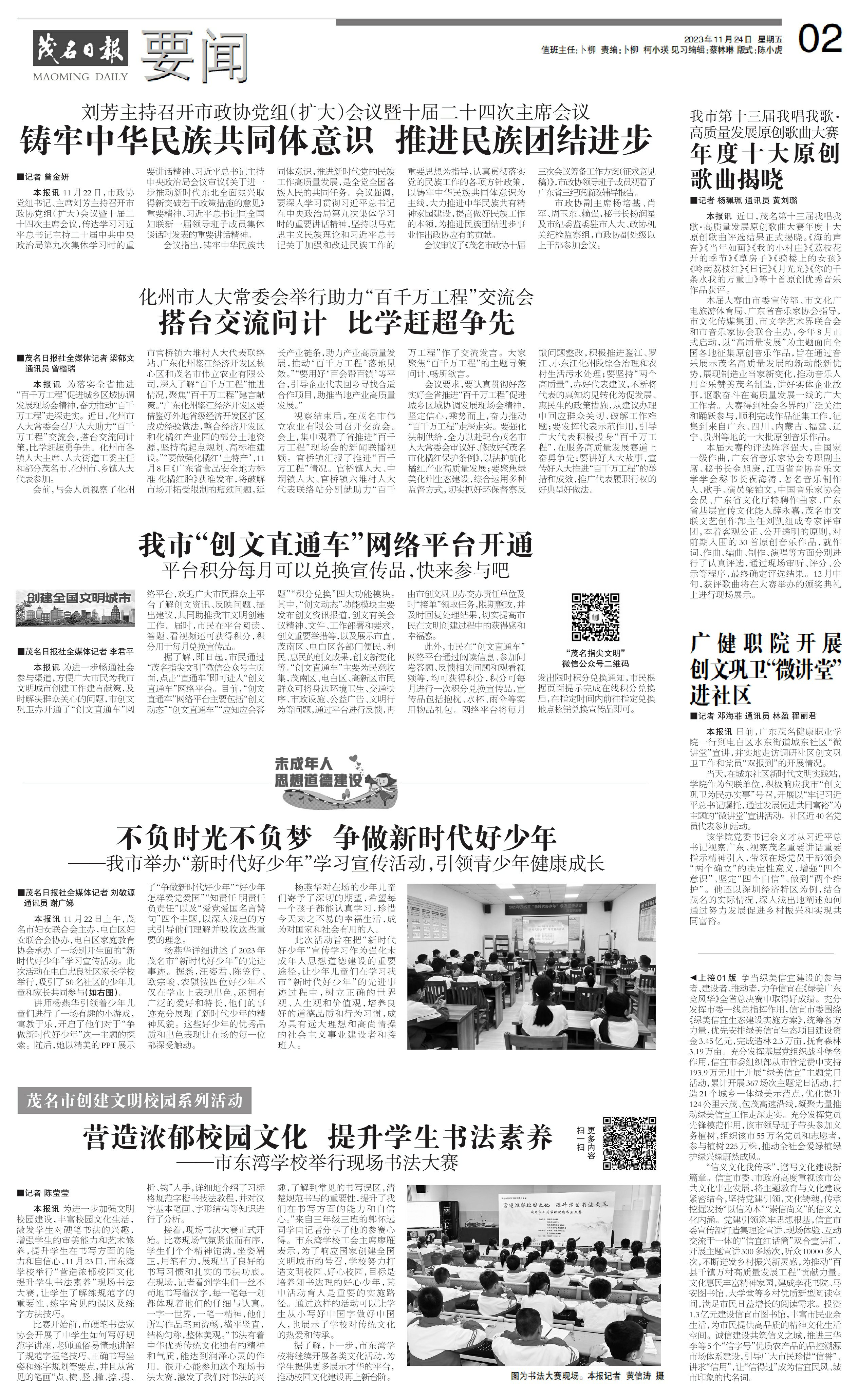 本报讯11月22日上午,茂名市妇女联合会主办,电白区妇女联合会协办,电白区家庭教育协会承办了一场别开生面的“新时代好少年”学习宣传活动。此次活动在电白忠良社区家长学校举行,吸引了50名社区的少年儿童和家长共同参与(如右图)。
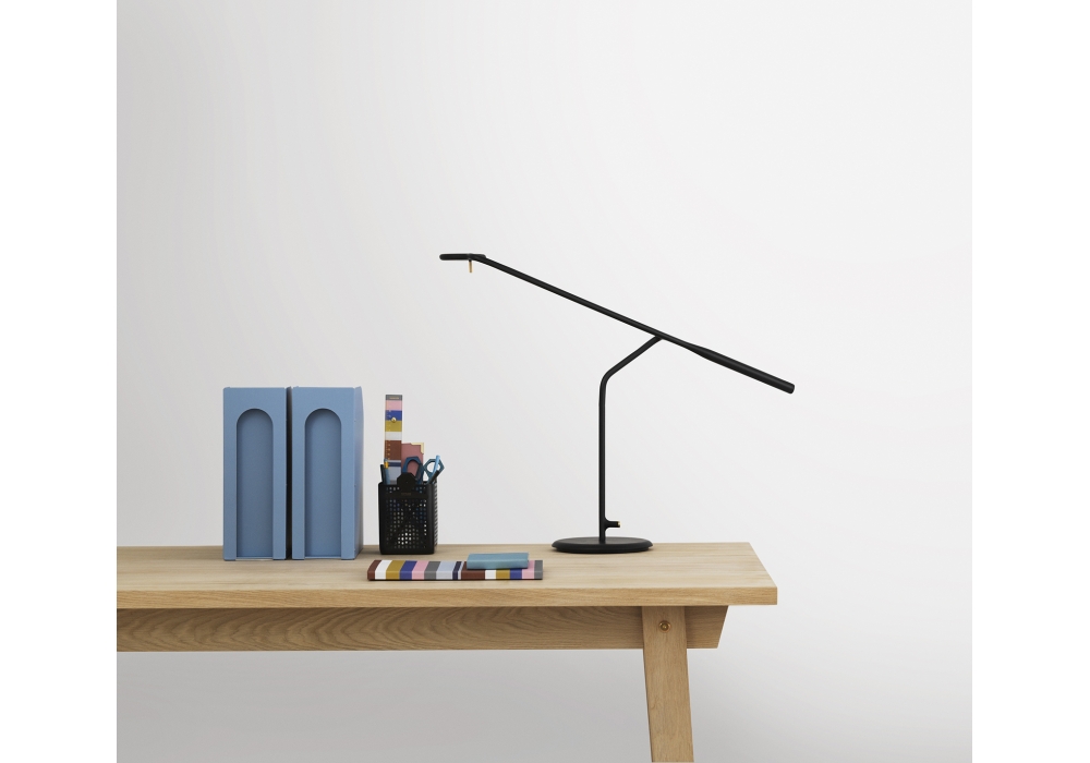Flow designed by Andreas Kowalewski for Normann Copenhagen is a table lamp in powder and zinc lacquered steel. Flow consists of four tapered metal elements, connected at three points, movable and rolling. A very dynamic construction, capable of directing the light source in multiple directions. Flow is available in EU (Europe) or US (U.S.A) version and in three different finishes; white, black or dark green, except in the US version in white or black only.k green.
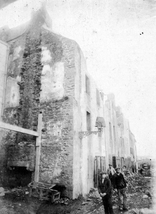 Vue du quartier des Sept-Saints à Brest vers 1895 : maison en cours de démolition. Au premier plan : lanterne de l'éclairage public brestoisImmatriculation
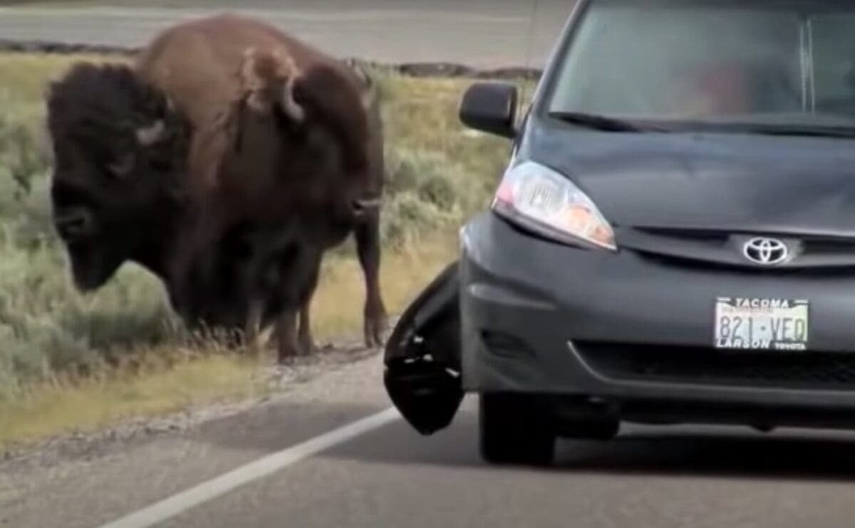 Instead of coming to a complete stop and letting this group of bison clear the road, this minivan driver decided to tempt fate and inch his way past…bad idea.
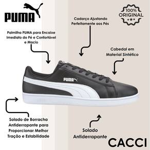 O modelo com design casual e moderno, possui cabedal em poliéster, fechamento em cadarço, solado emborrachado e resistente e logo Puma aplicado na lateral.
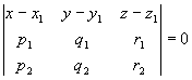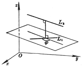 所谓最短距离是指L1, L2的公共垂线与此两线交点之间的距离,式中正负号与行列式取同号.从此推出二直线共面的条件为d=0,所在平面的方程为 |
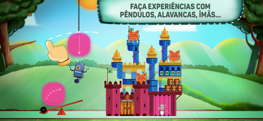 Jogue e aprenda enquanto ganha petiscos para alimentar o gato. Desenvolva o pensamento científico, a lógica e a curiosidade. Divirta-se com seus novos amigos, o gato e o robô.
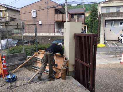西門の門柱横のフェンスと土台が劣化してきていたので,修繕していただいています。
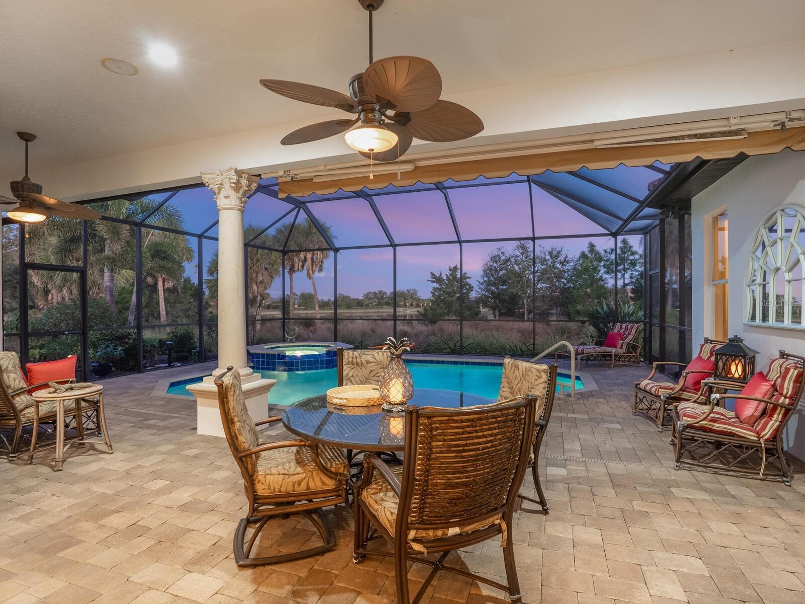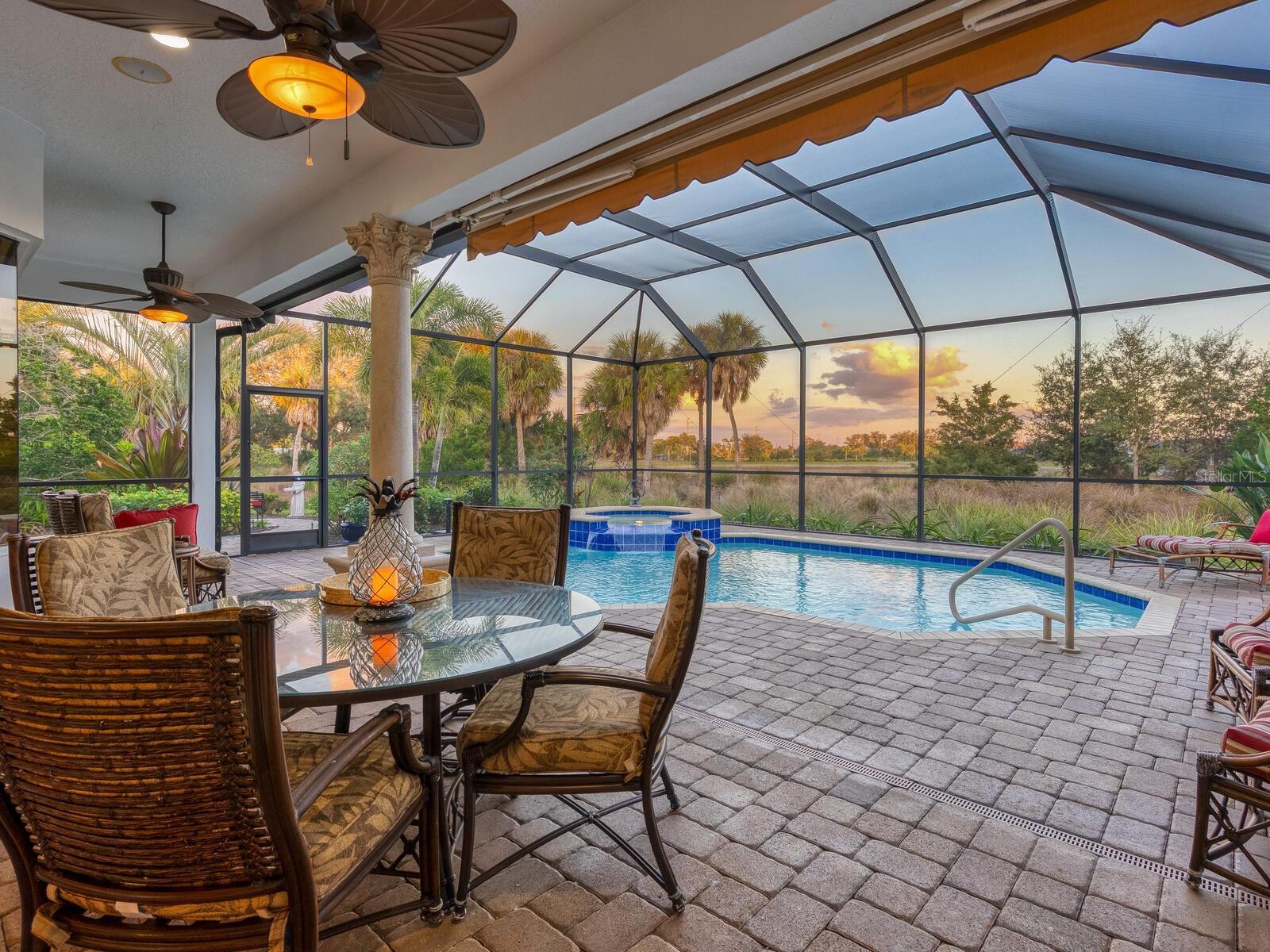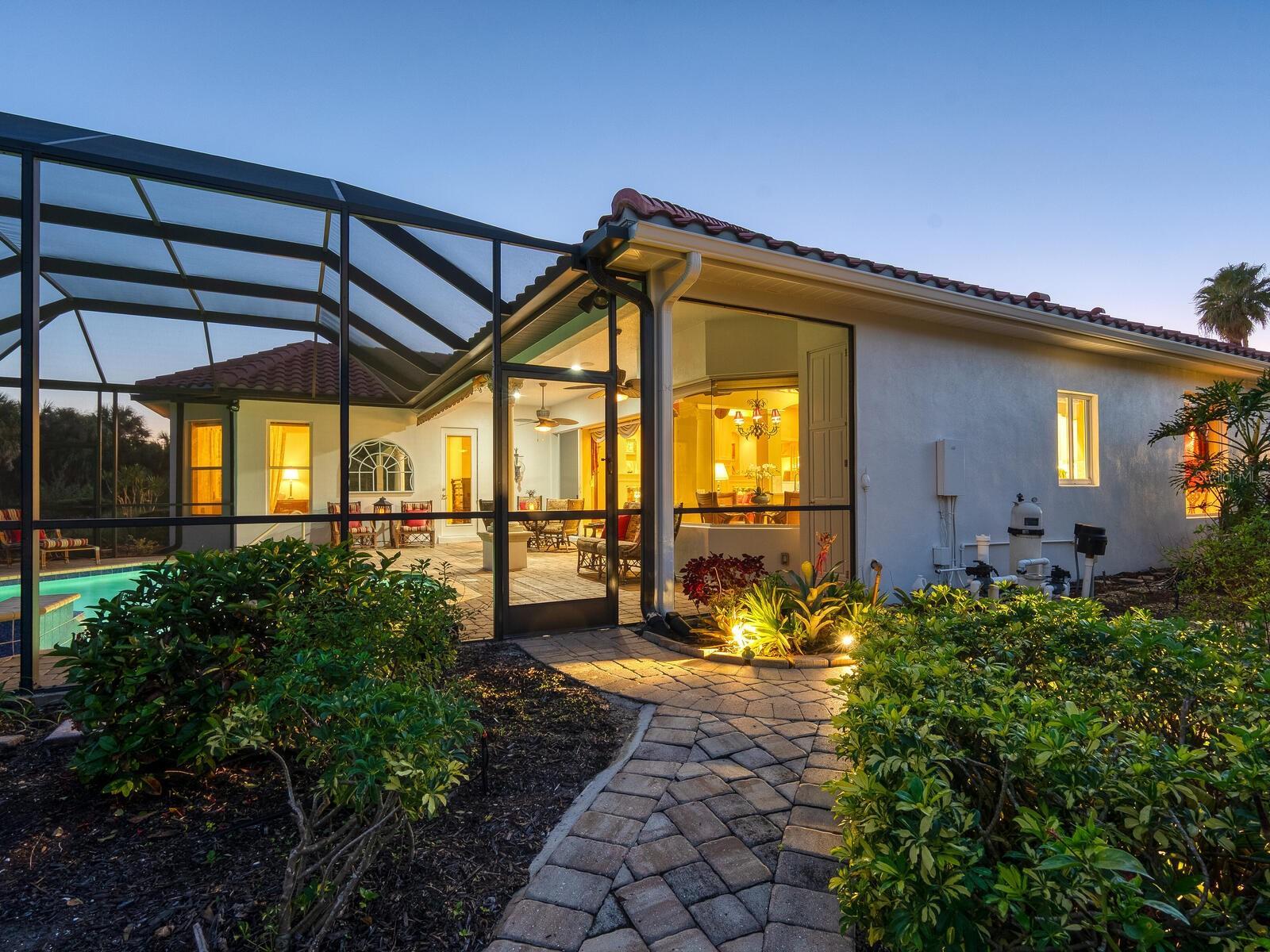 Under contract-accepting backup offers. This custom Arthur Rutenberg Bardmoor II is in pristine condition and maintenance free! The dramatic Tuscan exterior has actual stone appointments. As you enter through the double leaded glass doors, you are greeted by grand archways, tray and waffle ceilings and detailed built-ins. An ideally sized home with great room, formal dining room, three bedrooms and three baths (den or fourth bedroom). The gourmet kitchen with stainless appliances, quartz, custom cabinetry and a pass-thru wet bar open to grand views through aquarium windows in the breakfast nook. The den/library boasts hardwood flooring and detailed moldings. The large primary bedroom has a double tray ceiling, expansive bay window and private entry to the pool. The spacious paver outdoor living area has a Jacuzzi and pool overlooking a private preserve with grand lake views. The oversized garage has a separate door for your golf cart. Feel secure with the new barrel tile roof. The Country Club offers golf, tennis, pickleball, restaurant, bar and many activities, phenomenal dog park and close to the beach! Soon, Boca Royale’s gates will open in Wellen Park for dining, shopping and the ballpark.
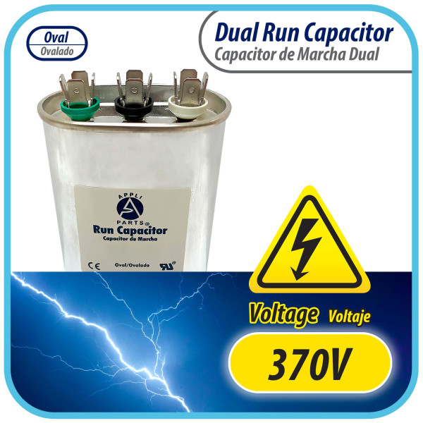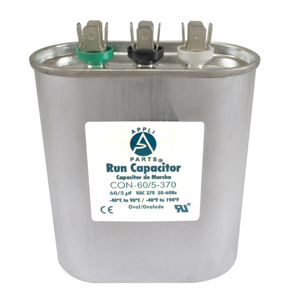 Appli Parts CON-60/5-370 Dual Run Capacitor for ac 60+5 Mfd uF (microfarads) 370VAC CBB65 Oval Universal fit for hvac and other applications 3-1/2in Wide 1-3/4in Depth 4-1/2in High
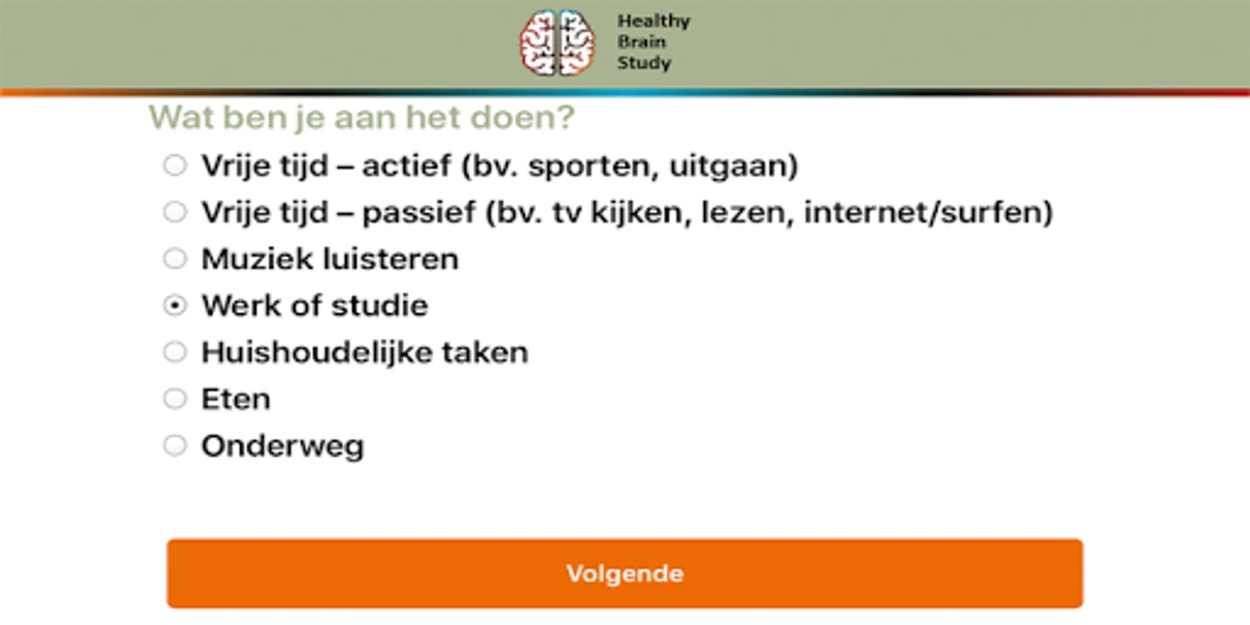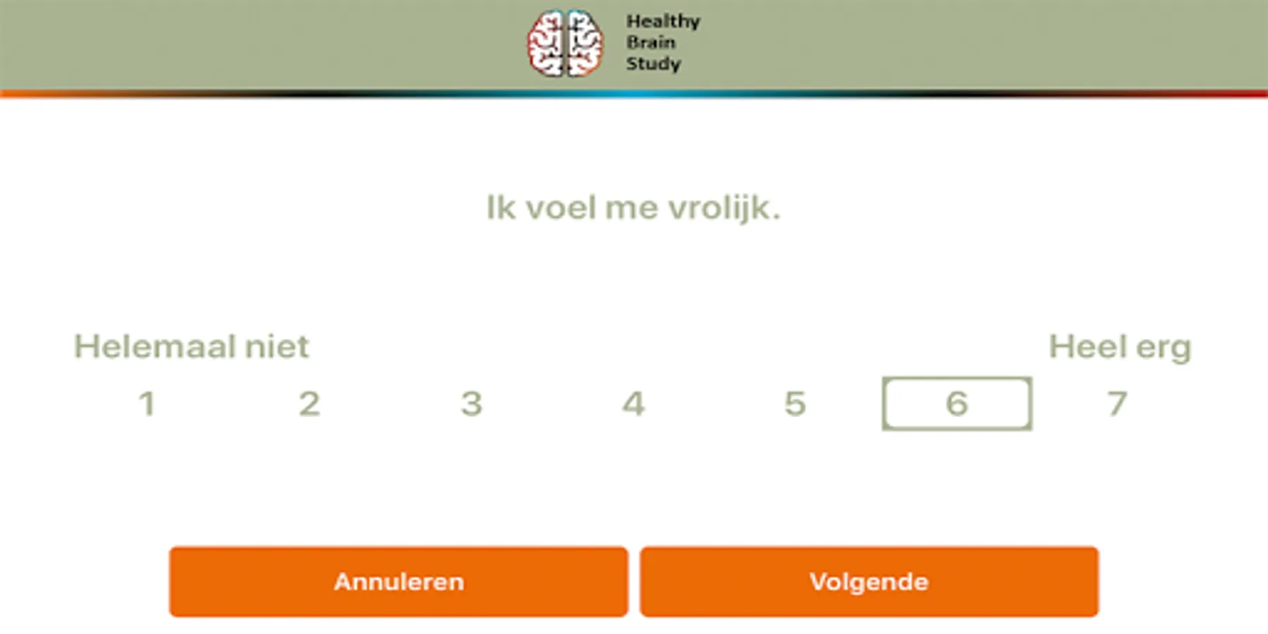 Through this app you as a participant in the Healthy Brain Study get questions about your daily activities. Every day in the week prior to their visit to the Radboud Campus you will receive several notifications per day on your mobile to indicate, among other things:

• [Problem details] Omitting all pictures, restate exactly the lines of the material from its start through the line that contains "Vue du quartier".

• [Response to the task]
 本报讯11月22日上午,茂名市妇女联合会主办,电白区妇女联合会协办,电白区家庭教育协会承办了一场别开生面的“新时代好少年”学习宣传活动。此次活动在电白忠良社区家长学校举行,吸引了50名社区的少年儿童和家长共同参与(如右图)。
Flow designed by Andreas Kowalewski for Normann Copenhagen is a table lamp in powder and zinc lacquered steel. Flow consists of four tapered metal elements, connected at three points, movable and rolling. A very dynamic construction, capable of directing the light source in multiple directions. Flow is available in EU (Europe) or US (U.S.A) version and in three different finishes; white, black or dark green, except in the US version in white or black only.k green.
 Vue du quartier des Sept-Saints à Brest vers 1895 : maison en cours de démolition. Au premier plan : lanterne de l'éclairage public brestoisImmatriculation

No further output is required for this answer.